Biosci Hypotheses. 2008;1(1):14-25. doi: 10.1016/j.bihy.2008.01.006.


This paper postulates that all forms of the neurological movement disorder, dystonia, can be argued to reflect excessive function of one or more components of the brain postural system. This is based on four central arguments. First, because some forms of postural control are already known to be dynamic, rather than static, it is suggested that hyperkinetic dystonias reflect excessive function of dynamic postures, rather than abnormal movements. Second, the range of functional roles served by the postural system is hypothesized to include direct control of movement, suggesting a postural basis for task-specific dystonias.
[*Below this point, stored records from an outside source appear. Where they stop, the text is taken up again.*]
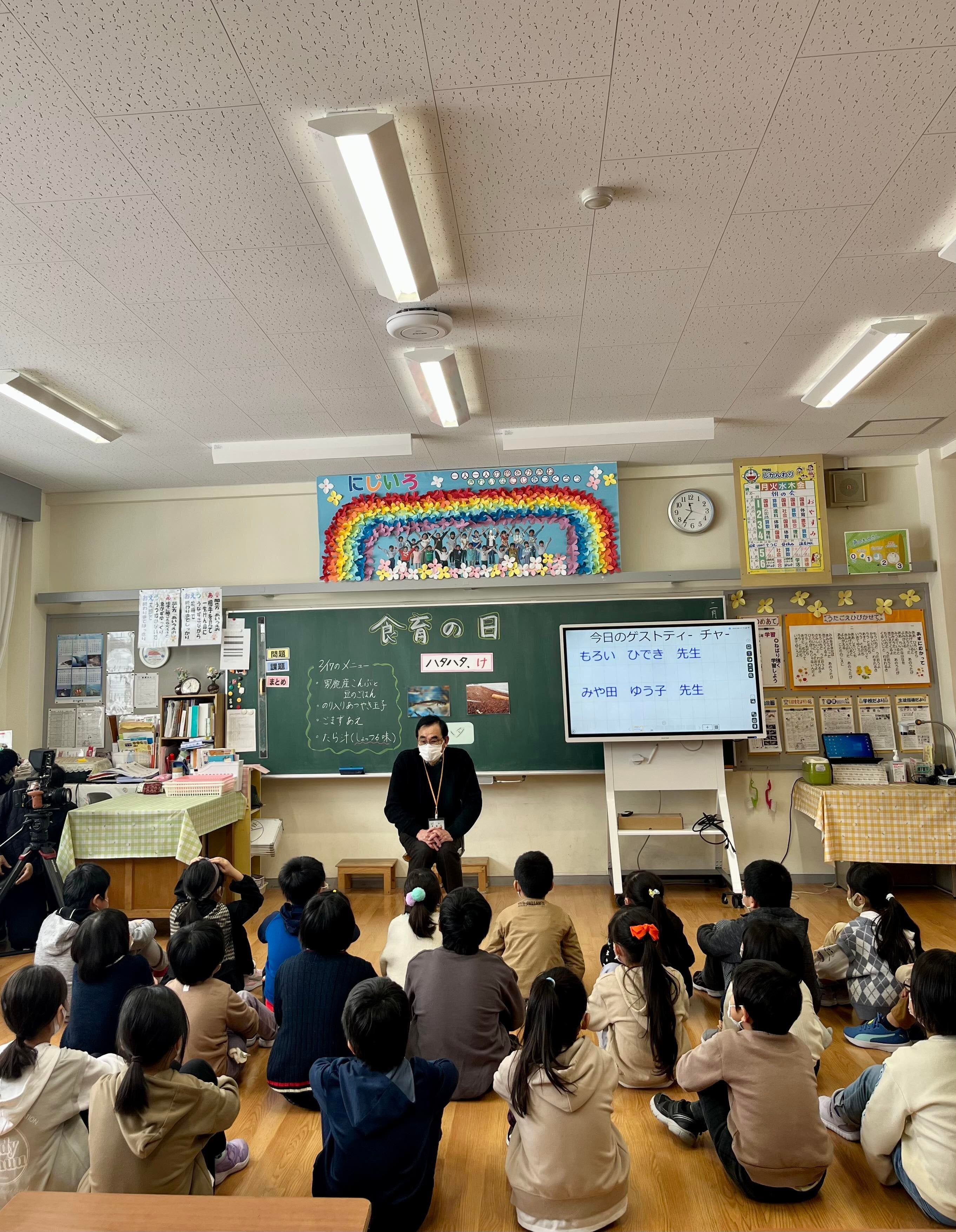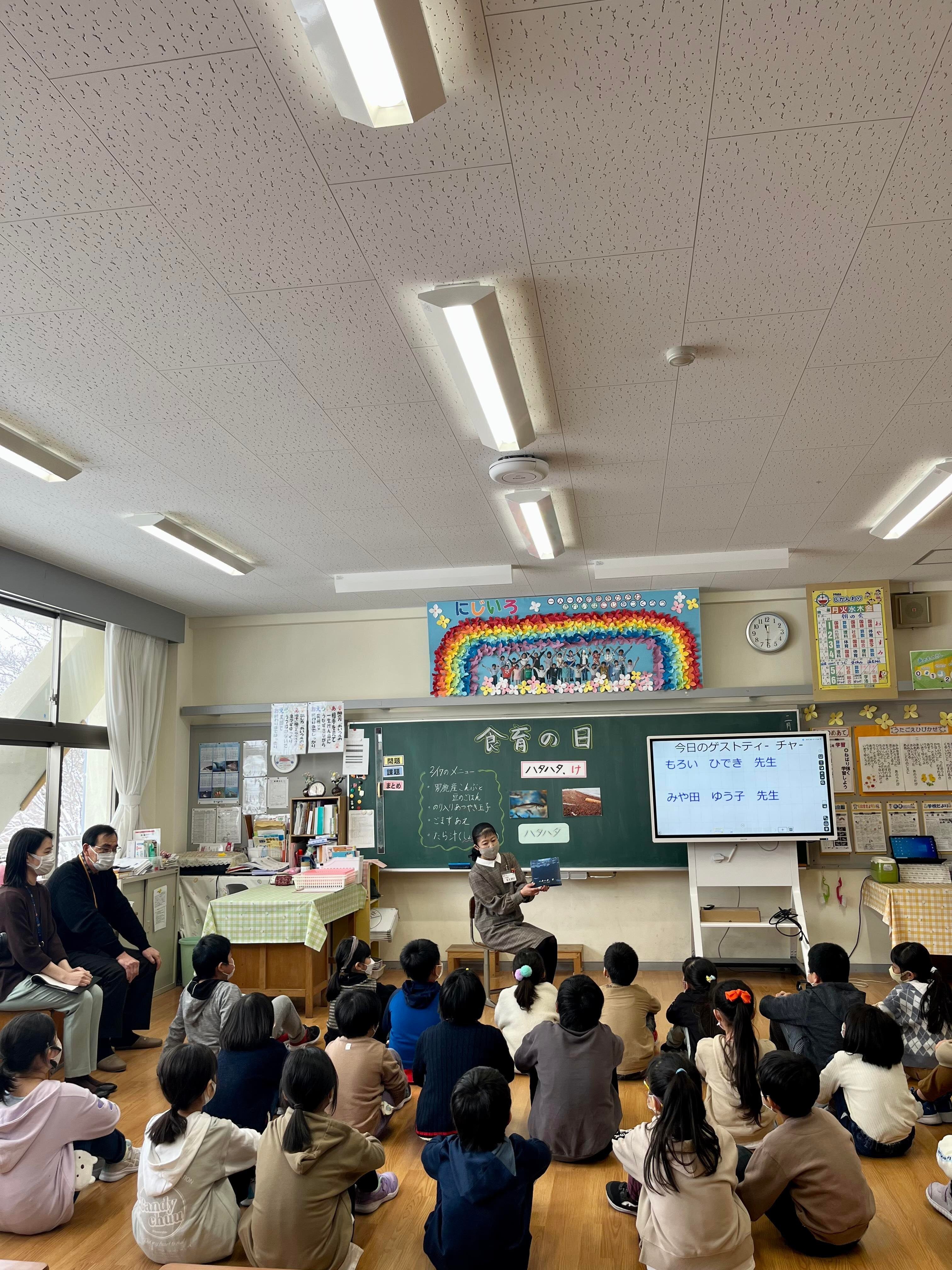 また、昨日2/17には、男鹿市の船川第一小にて、栄養教諭の方のご協力のもと、給食の時間にしょっつるが提供される際に、絵本の読み聞かせと諸井さんによるしょっつるのお話がおこなわれました。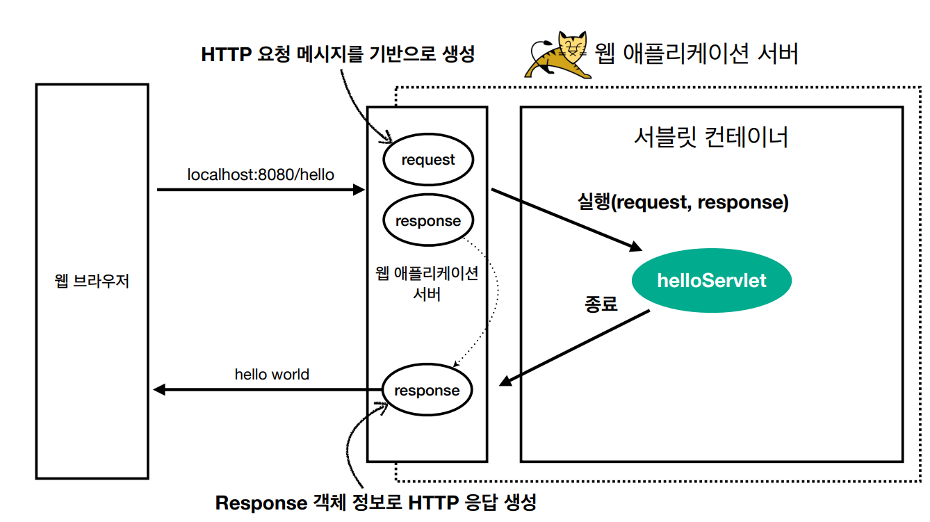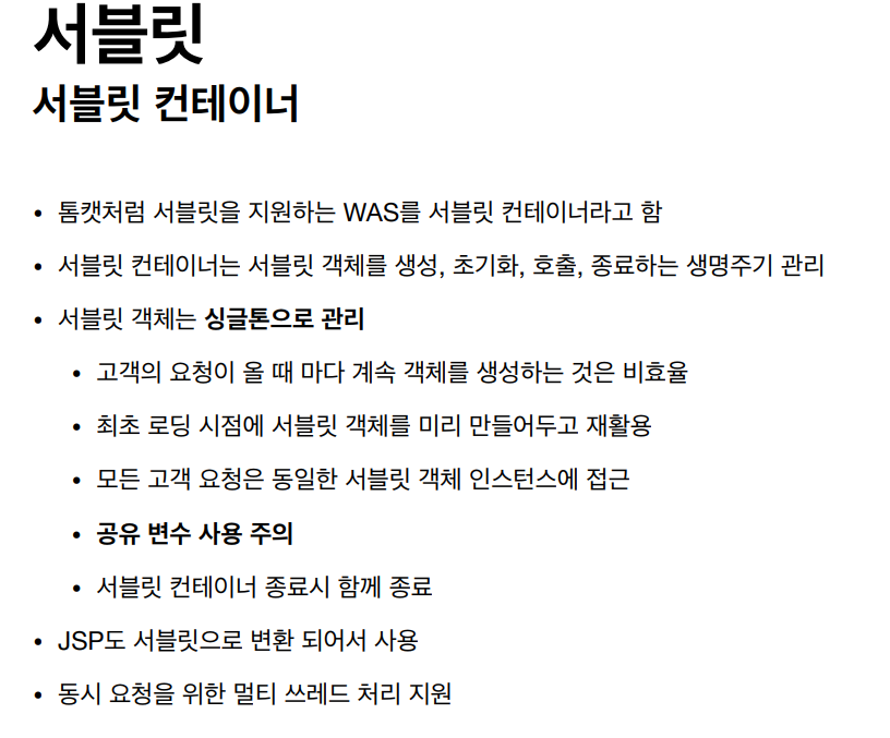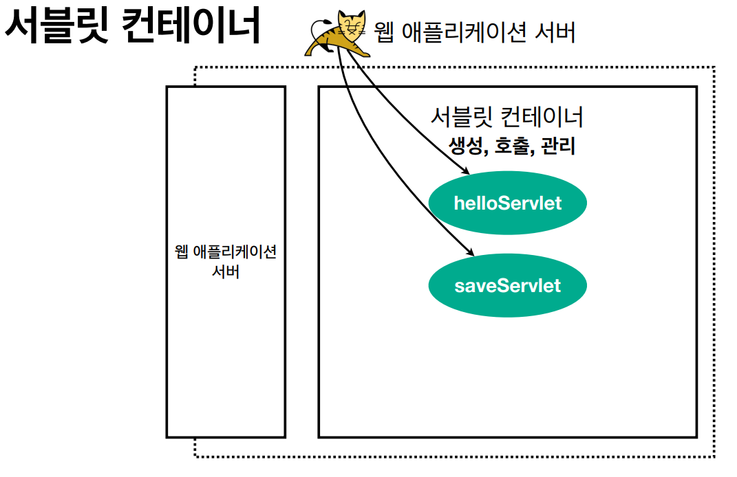 이를 관리해주는 부분이 필요한데 이 관리를 서블릿 컨테이너가 해준다.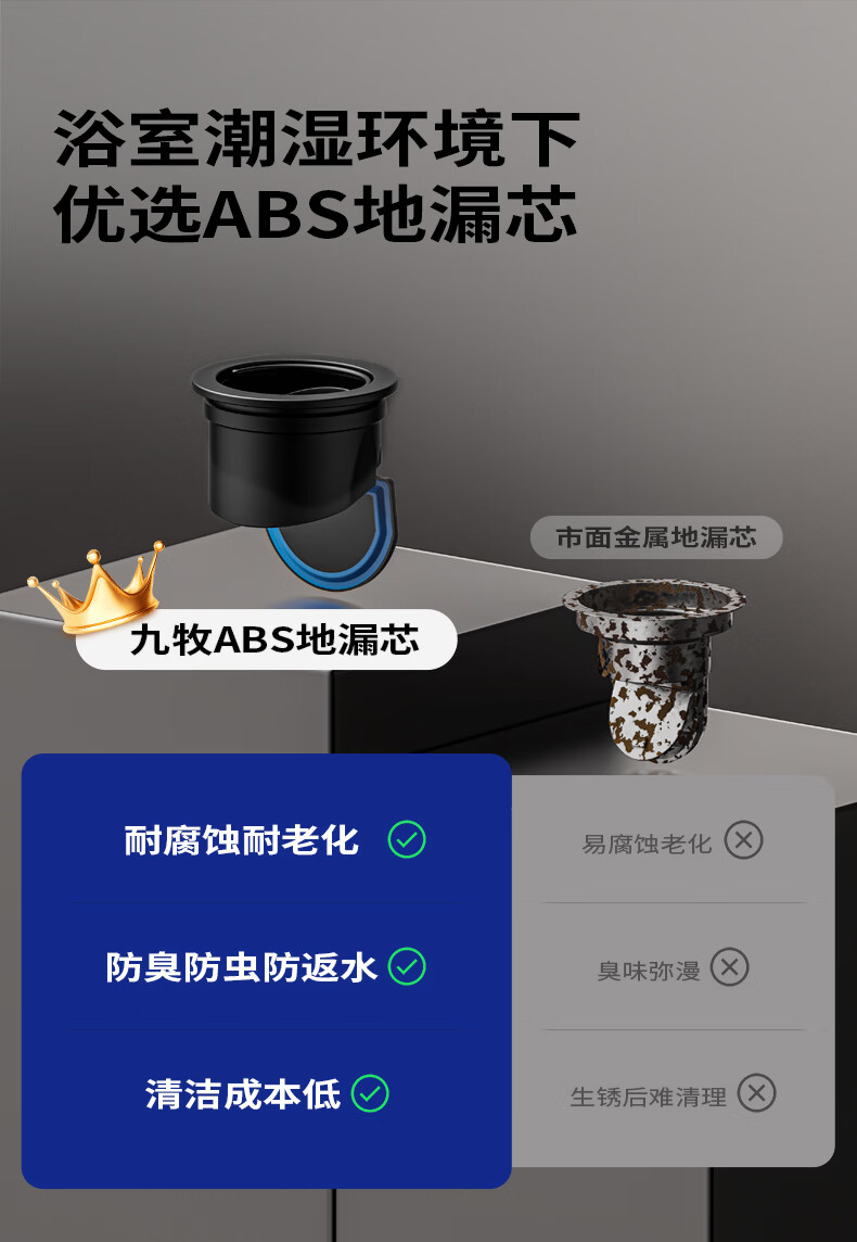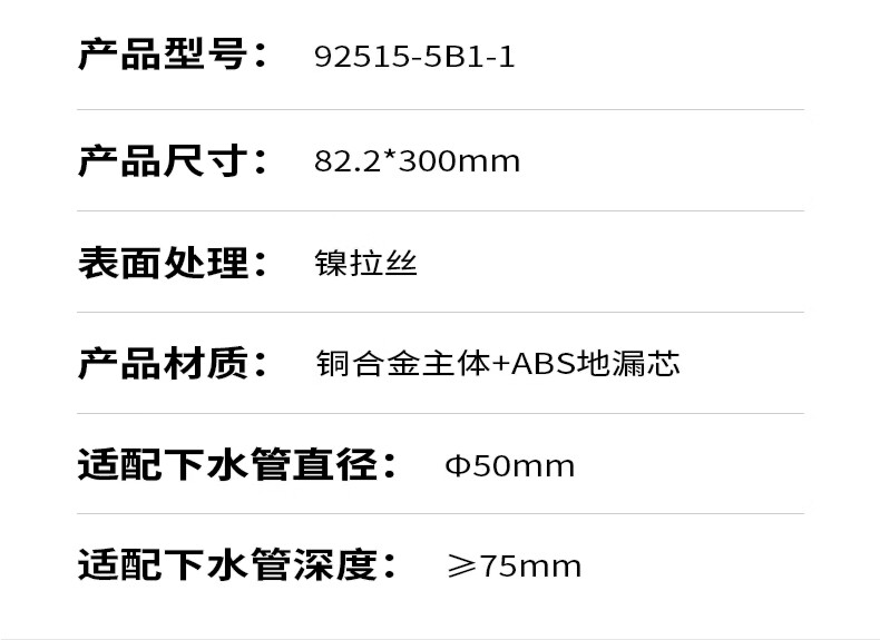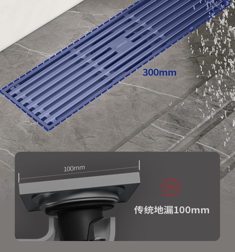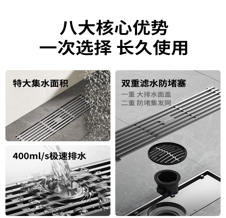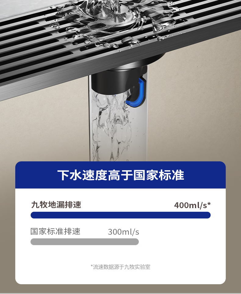 九牧地漏加长铜合金长条速排大流量防虫防反水防臭镍拉丝枪灰色92515
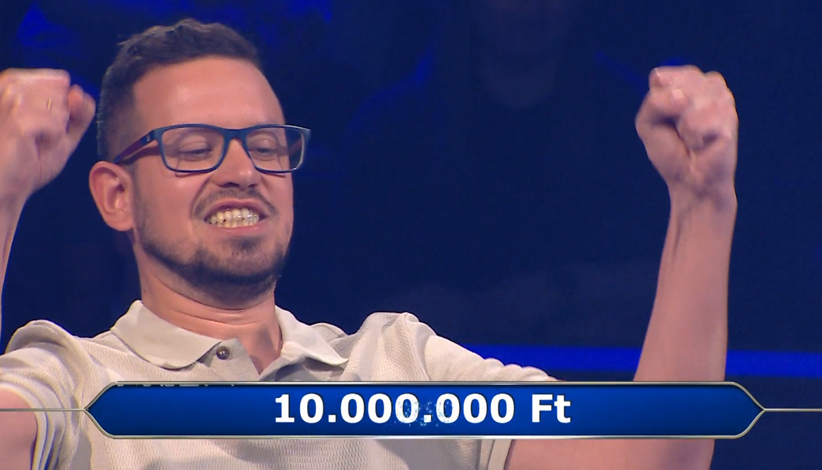 A 13. kérdés nem ment, de egyáltalán nem babonás, megszállottan racionalista. Nincs szerencseszáma, teljesen elégedett a nyeremény összegével is. A témakörök közül a bulvárral nagy bajban lett volna, a sportkérdéseket sem várta, a könnyűzene témakörében sem mozog otthonosan. Focis kérdést kapott, ekkor viszont a közönség segítette ki a TV2 műsorának új milliomosát.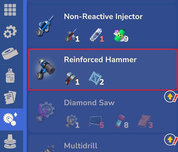 Усиленный молоток — молоток из ковкого железа со стальным наконечником. Может пробивать твёрдые препятствия. Простота, служащая высокой цели.

Third, by defining posture as a neural system that maintains body stabilization, it can be shown that the range of mechanical means of implementing stabilization, including co-contraction of antagonistic muscles, matches the range of presentations of dystonia. Fourth, it is shown that the above premises are able to account for previously unexplained observations in dystonia. Based on the inhibitory influence that stabilizing mechanisms exert on movement, it is suggested that the broad functional role that is here referred to as posture may be the function served by the indirect pathway of the basal ganglia. Specifically, it is proposed that this pathway centrally coordinates function of the distributed network of brain regions controlling posture and, in conjunction with the direct pathway, coordinates posture and movement.